Well I doubt that is the cause. It’s a dedicated server with 16gb of ram. The collection is not huge, I managed to reproduce the problem with a collection of just 257 documents for example. The average object size as reported by mongodb being 59541.

Welcome to the MongoDB Community Forums @Andre_Cassar!

Were you able to find a solution for your query performance?

If not, can you provide some more details on your query and environment including:

  • specific version of MongoDB server (eg as reported by db.version() in the mongo shell)
  • output of explain(allPlansExecution) for the query that is performing poorly
  • where your mongo shell or DB tool is running relative to the MongoDB server (eg connecting remotely or via localhost).
  • value of mongod's storage.wiredTiger.engineConfig.cacheSizeGB if not set to the default

Regards,
Stennie

Hi Stennie,

Thanks for the welcome and feedback. I haven’t fully resolved it, however coming to think of it, it must be a network latency issue. Given that the document size is big, it is taking some time to transfer it, over 2 seconds. I did not take that into consideration initially. My database server and application server reside in the same data centre. There is a 100Mbps+ bandwidth between the two, yet the result take some seconds to be returned to the application. As a solution we are now working on reducing the size of the document by moving out some data into a separate collection. Initially I was baffled as it was not making sense at all when having an index.

Thanks again.
Regards,
Andre

Hi Andre,

If you suspect network transfer time is the main issue, I would try projecting fields to reduce the result set size and confirm before restructuring your data.

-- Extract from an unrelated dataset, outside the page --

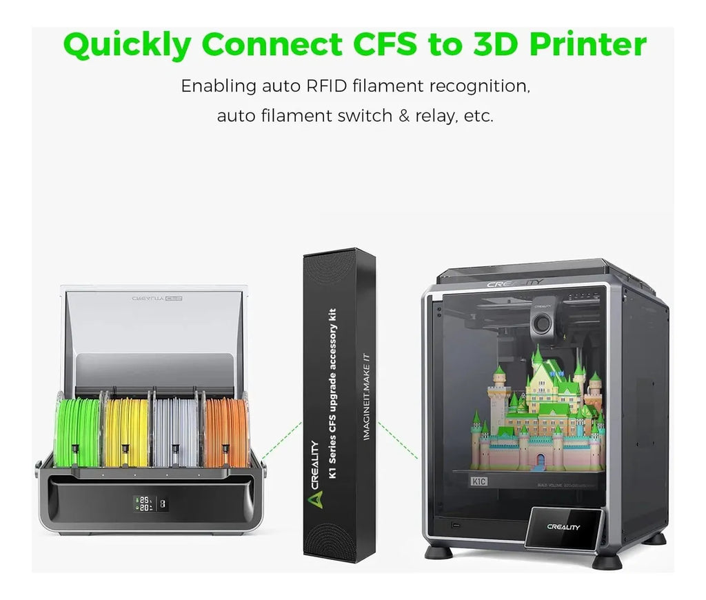 Conexão Rápida ao CFS: Com o novo extrusor e componentes, o kit permite o reconhecimento automático de filamento RFID e a troca suave de filamento. Você também terá fácil acesso ao sistema de relé para melhor controle geral.

You may find the Schema Design Anti-Patterns series a helpful read. One of the anti-patterns described is bloated documents: storing large amounts of data together in a document when that data is not frequently accessed together also impacts the size of your working set in RAM.

It would also be worth reviewing allPlansExecution for your query (if you haven’t already), as there may be multiple candidate indexes without a consistent winner for your query shape. This is perhaps unlikely given the apparent correlation of document size to your performance concern, but you could verify to remove this possibility from consideration.

Regards,
Stennie